In India, People With Tuberculosis (PWTB) received intermittent ATT under programmatic conditions before the introduction of the current daily ATT regime (5). The previous regime had inherent factors for drug resistance, due to which it was gradually phased out as per the existing World Health Organisation (WHO) recommendations (6). Sinha K et al., found that ADRs were present in 69.01% of PWTB receiving intermittent ATT (7). A recent study by Kiran M and Nagabhushan H from India reported the ADR profile of 74 people with TB (PWTB) on a daily ATT regime; however, the study did not determine the overall prevalence of ADRs among PWTB as the study was not designed for the same (3). The overall burden of ADRs directly attributable to the currently recommended, new daily weight-based FDC-ATT under NTEP in the Indian population is poorly quantified. There has been a scarcity of research on ADRs to the new ATT regime since the introduction of daily weight-based FDCs under NTEP. The current study aimed to evaluate the adverse effects of the daily FDC-based ATT regime under the NTEP.
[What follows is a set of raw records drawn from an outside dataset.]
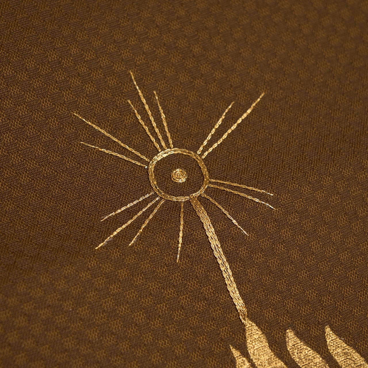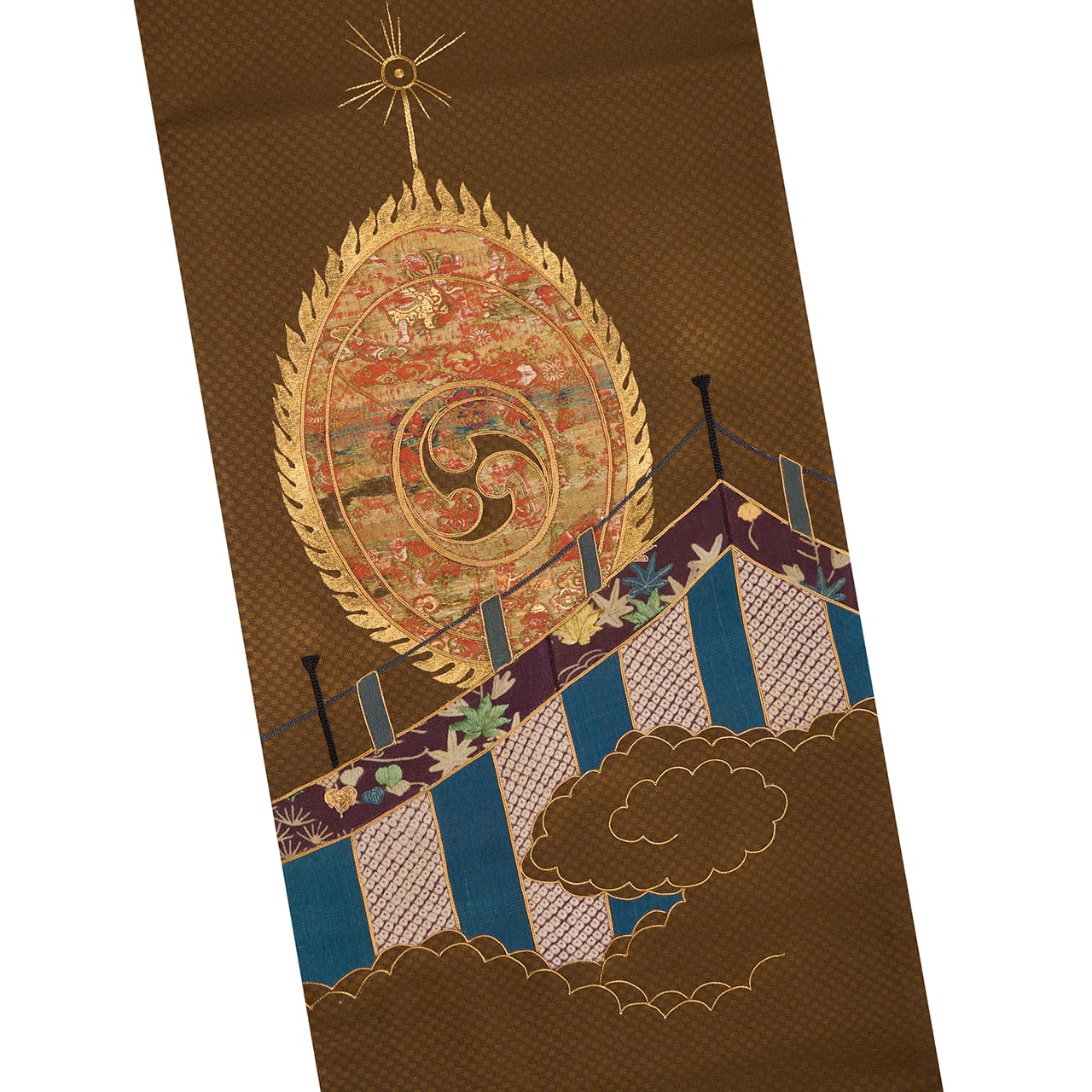 とても細かい市松模様が織り込まれた焦げ茶・煤竹色の帯地に、お太鼓には大きく火焔太鼓の模様が表されていますが、江戸時代の金襴緞子の生地が縫い付けられて金駒糸の刺繍で縁取られ、火焔は金彩で染められています。
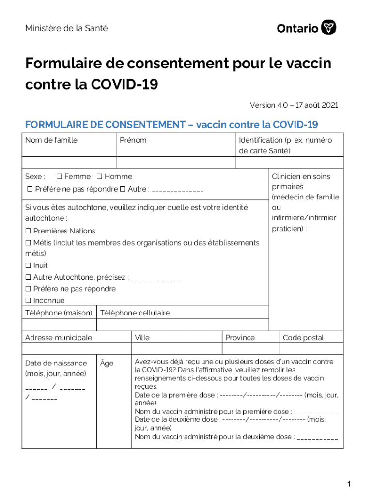 Toute personne souhaitant recevoir le vaccin COVID-19 dans un centre de vaccination en ligne doit remplir le formulaire de consentement en ligne.
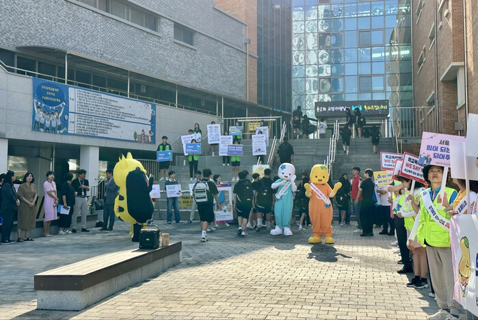 참여자들은 캠페인 문구가 들어간 팻말과 현수막을 들고 구호를 외치며, 등굣길 학생들을 대상으로 학교폭력에 대한 경각심을 높이는 활동을 적극적으로 펼쳤다. 학생들은 함께 구호를 외치고, 캠페인 참여 인증사진을 촬영하며 행복하고 안전한 학교 만들기에 동참했다.
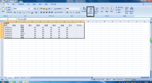 2、先选中“相应的数据”再在菜单栏上的“开始”选项卡中找到“套用表格格式”按钮。
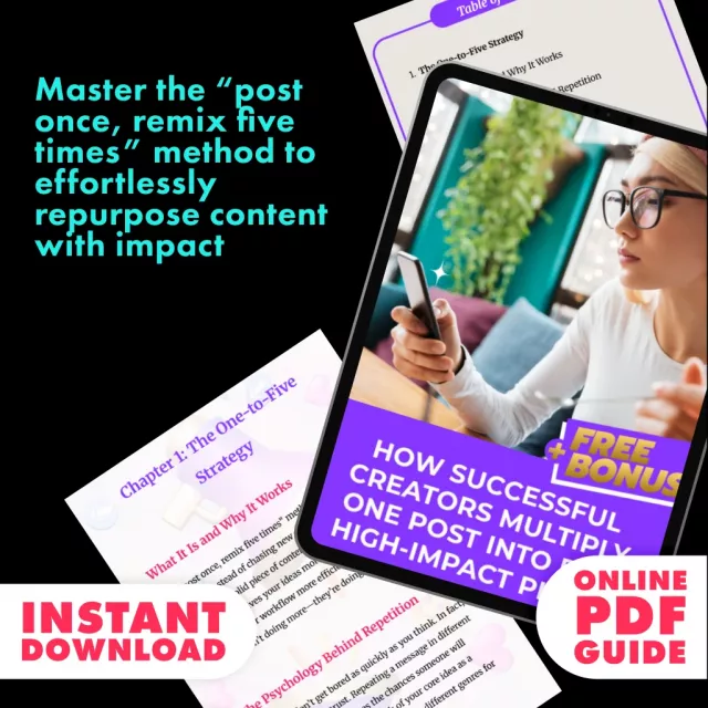 This guide is perfect for content creators, business owners, social media managers, and anyone who wants to make their content work harder. Unlike generic “content tips” eBooks, this resource is built around a tested system—the “post once, remix five times” method—that shows you exactly how successful creators maximize impact without doubling their workload.
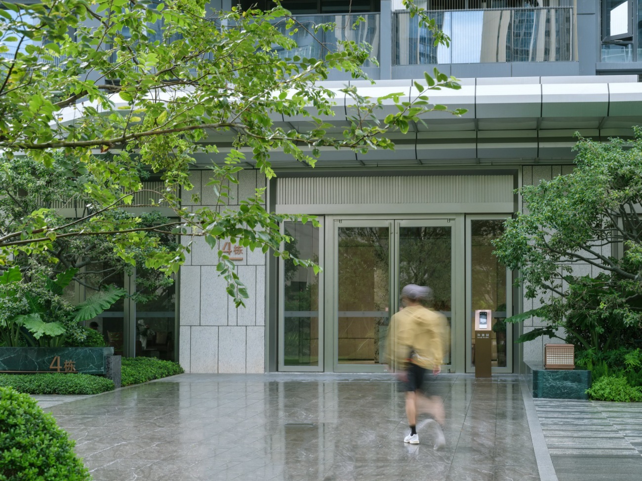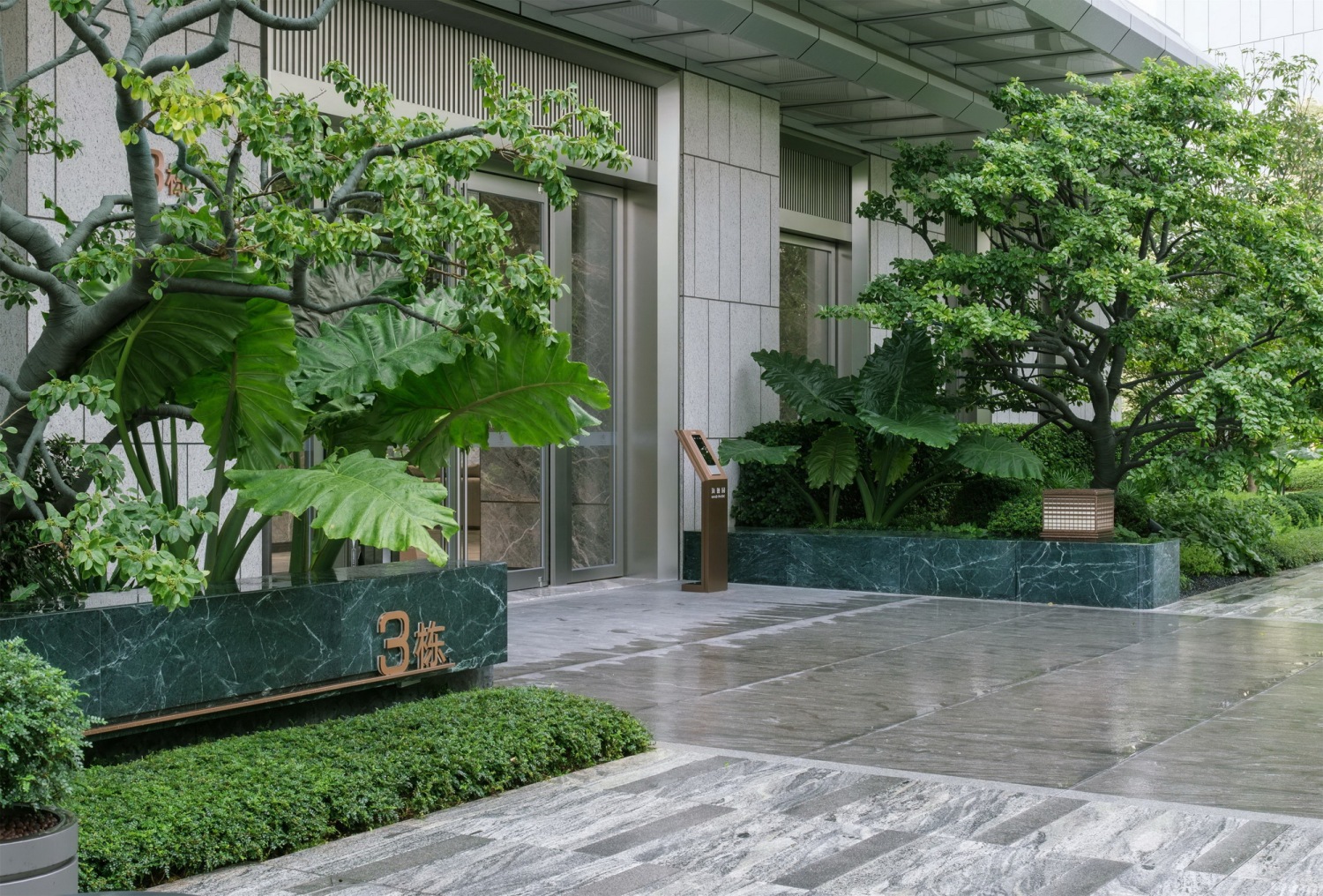 面宽约33米的奢阔酒店式门庭,以大气开放之姿,流露独具东方意蕴的人文礼序。沿途两旁如层峦叠翠的花池与迎宾水景,以「穿林越水」的自然化景观底色唤醒生活的仪式感,消弭城市与社区的内外界限感。
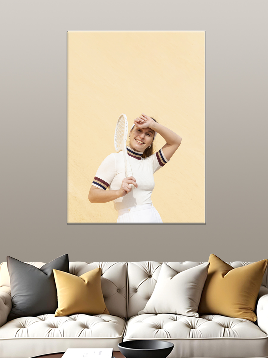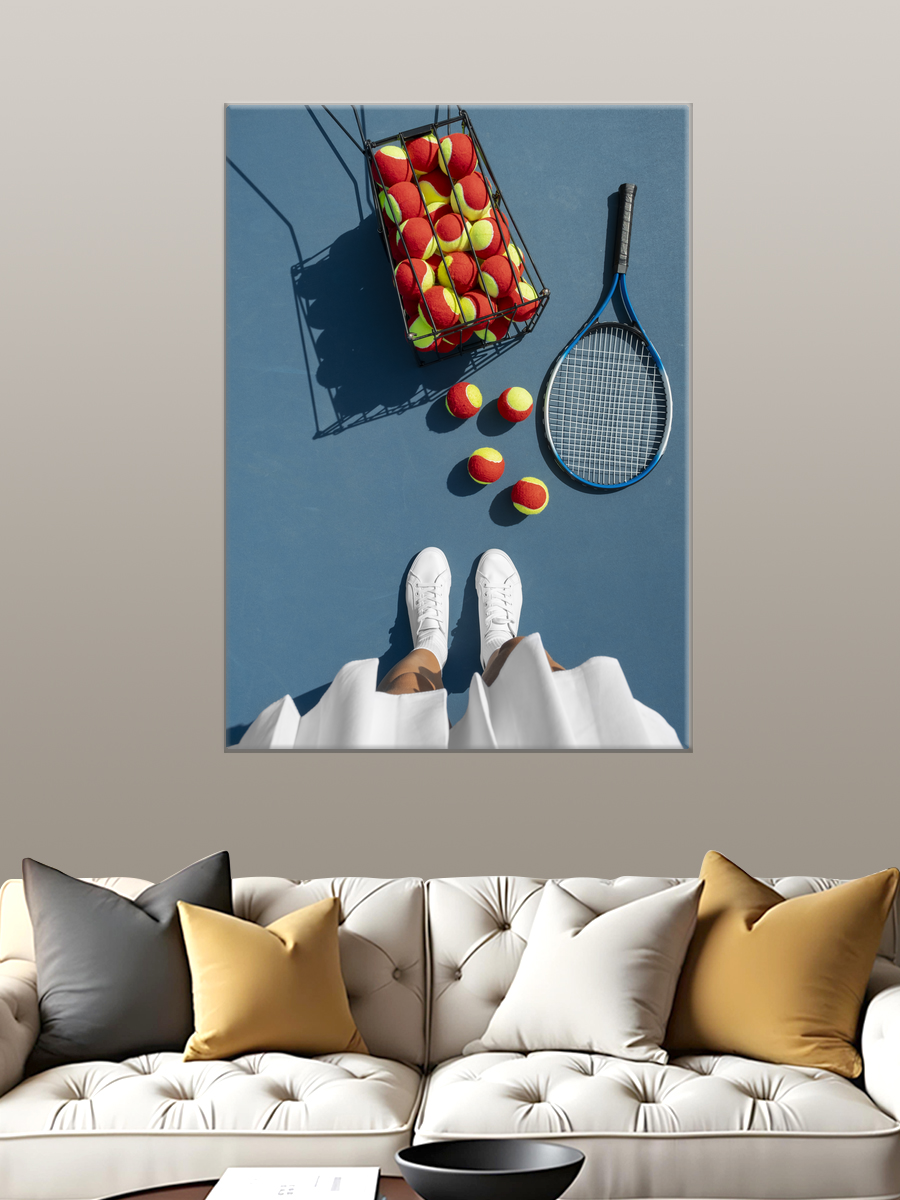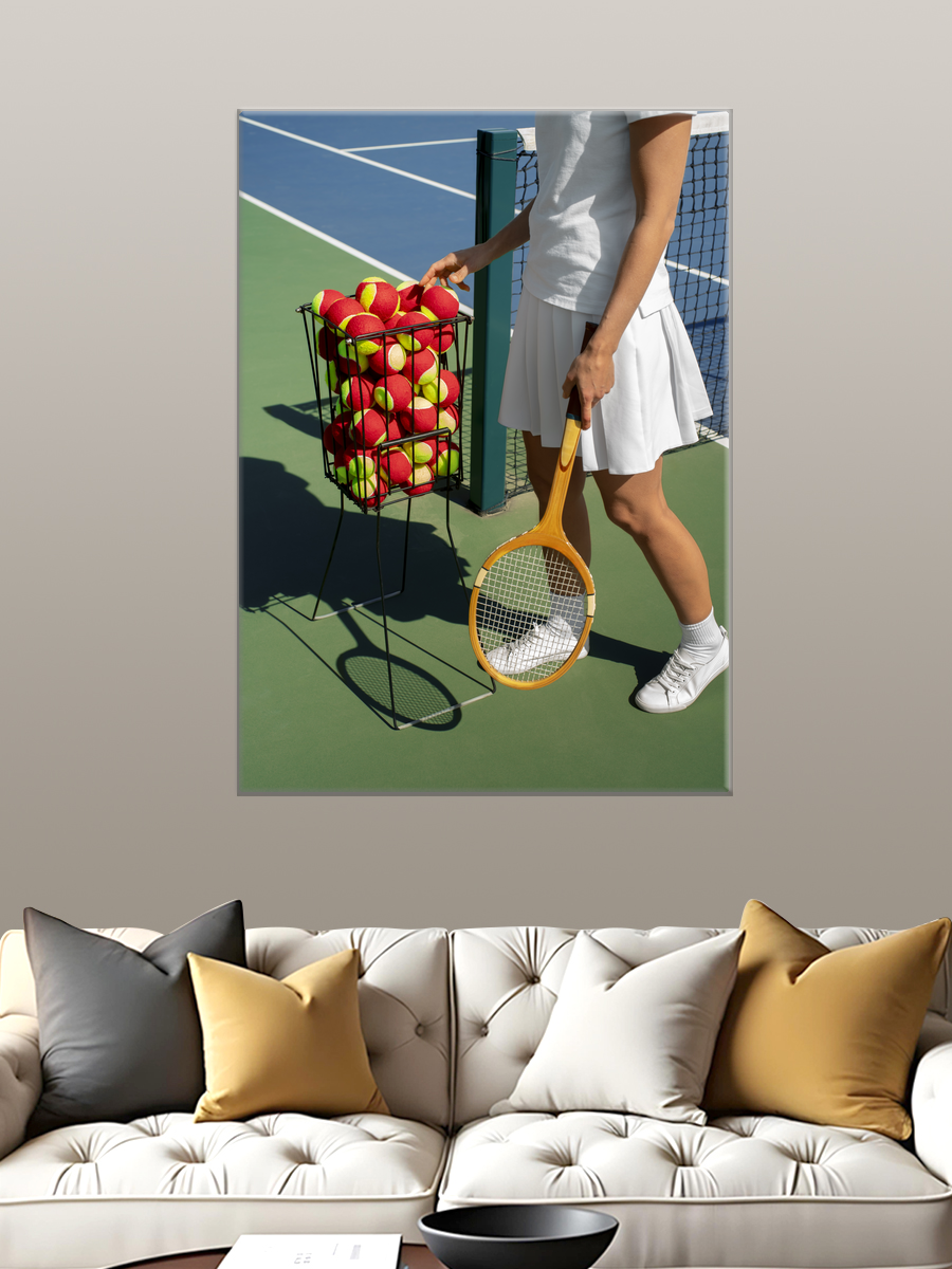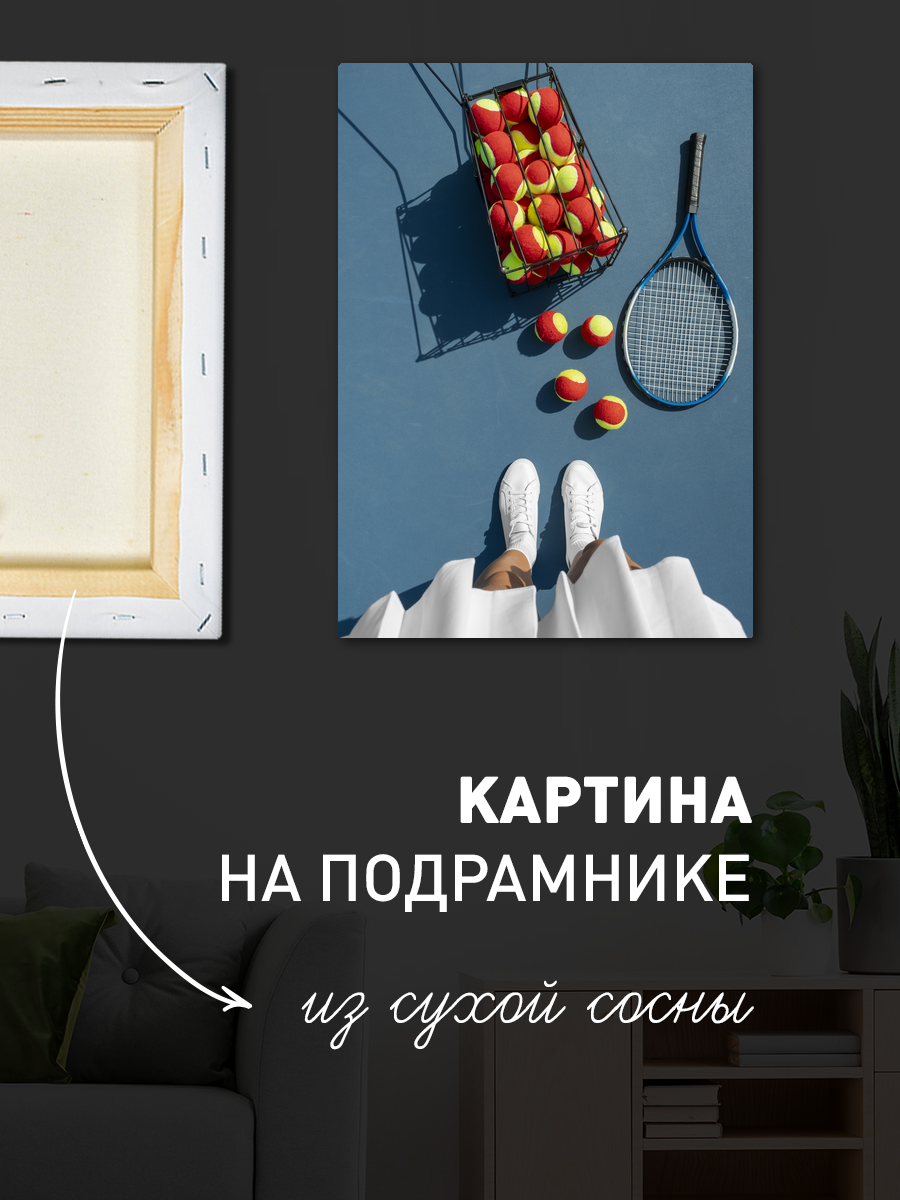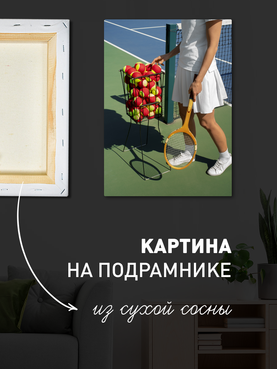 Описание: Картина 50 на 70 'Теннисное вдохновение' изображает динамичную сцену на теннисном корте. На переднем плане — женщина в белой спортивной форме, держащая ракетку и корзину с теннисными мячами, готовая к игре. Яркие цвета, такие как голубой фон корта и зеленая трава, создают энергичную атмосферу, передающую дух спорта и активности. Уникальность этой картины заключается в том, что она не только отражает любовь к теннису, но и вдохновляет зрителя на занятия спортом, вызывая чувство свободы и движения. Эта работа наполнена позитивом и энергией, что делает её идеальным дополнением к любому интерьеру. Она прекрасно впишется в спортивный зал, домашний офис или даже в детскую комнату, наполняя пространство мотивацией и радостью. Каждый взгляд на эту картину будет напоминать о важности физической активности и увлечения, а также вдохновлять на новые достижения. 'Теннисное вдохновение' станет не просто элементом декора, но и источником положительных эмоций в вашем доме.

It was a prospective cohort study conducted in central India between January 2019 and September 2020 in the Department of Respiratory Medicine at Indira Gandhi Government Medical College, Nagpur, Maharashtra, India, a tertiary care referral centre with a NTEP-designated Tuberculosis Unit (TU) and Tuberculosis Diagnostic Centre (TDC). Institutional Ethics Committee, Board of Research Studies of the Institute and State NTEP Operational Research Committee approved the study (Approval letter numbers: 1. IGGMC/Pharm/IEC/263/2018, 2. MUHS/Medical/MUHS-014263/2019 and 3. Jt.DHS/TB&L/Desk-RNTCP/TB/16802-09/19). After written informed consent, eligible people were enrolled in the study.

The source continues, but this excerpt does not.